The commission has already approved 77 programs worth several hundred billions of euros to support EU economies facing the impact of the coronavirus outbreak, and those include measures to support Austria, said the spokesperson, who requested anonymity.
For example, the commission approved a €15 billion Austrian liquidity program to support the economy in the coronavirus outbreak as well as Austrian guarantee programs to support small and medium-size entities affected by the outbreak, "providing guarantees for underlying loans up to an amount of €500,000," the spokesperson said.
The Austrian minister's comments followed earlier calls from countries in Southern Europe to countries in Northern Europe to show solidarity by issuing common debt to help respond to the impending recession.
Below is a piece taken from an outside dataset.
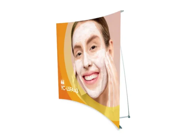These three stands can be used individually, in pairs, or as a group to create an 8ft backwall display. The top and bottom hardware of the L banner displays are equipped with magnets, allowing for easy connection when displayed side by side. This seamless integration transforms the three individual stands into a cohesive trade show backwall, which can be straight or curved. For convenient graphic installation, our L Banner Stand utilizes super-thin Velcro to connect the banner with the top rail. The lightweight frame can be set up in minutes, providing a portable and lightweight alternative to traditional trade show backwall displays. Enjoy a clean and edge-to-edge display with our L Banner Stand.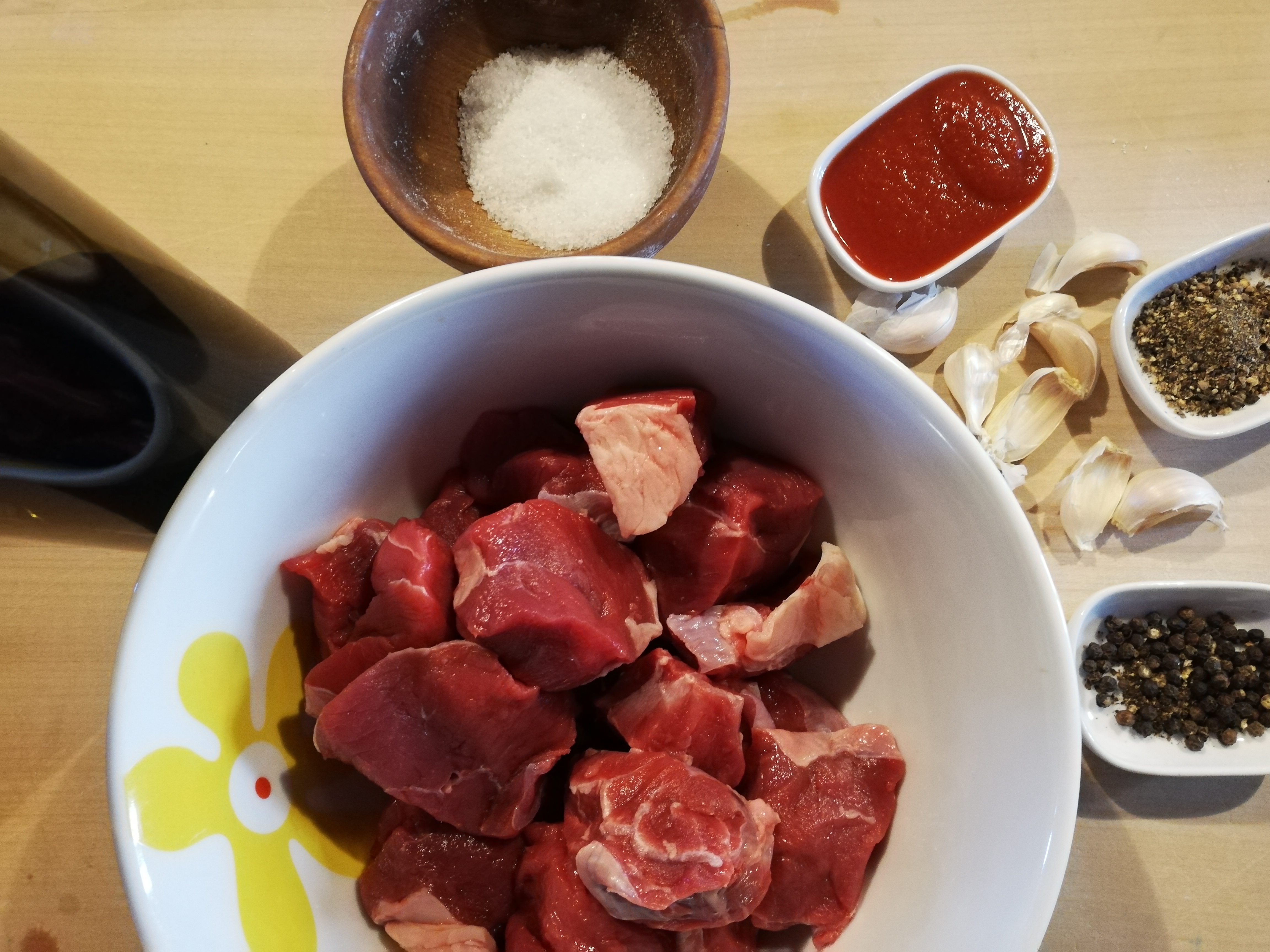 – 1 kg = ca. 35 oz.of young beef muscle (with veins of fat and callosity)

Austria, part of the historically frugal north, was reluctant to support so-called Eurobonds.
The meeting that produced an agreement on the half-trillion bailout fund failed to achieve an accord on common debt issuance.
As part of the €500 billion aid package, member countries will be eligible for credit lines from the bloc's permanent bailout fund — the European Stability Mechanism, or ESM — equal to at least 2% of a country's gross domestic product, up to €240 billion.
Finance ministers at the time said they would try to arrange access to the ESM within two weeks to help all EU countries, including those outside the euro currency area, cover public health costs tied to the pandemic.
Countries remain divided on the issue of common debt issuance. Leaders in Belgium, France, Italy, Luxembourg, Spain, Portugal, Greece, Slovenia and Ireland signed a letter in March calling for the use of mutualized debt to share the burden among the subset of the bloc that uses the euro currency.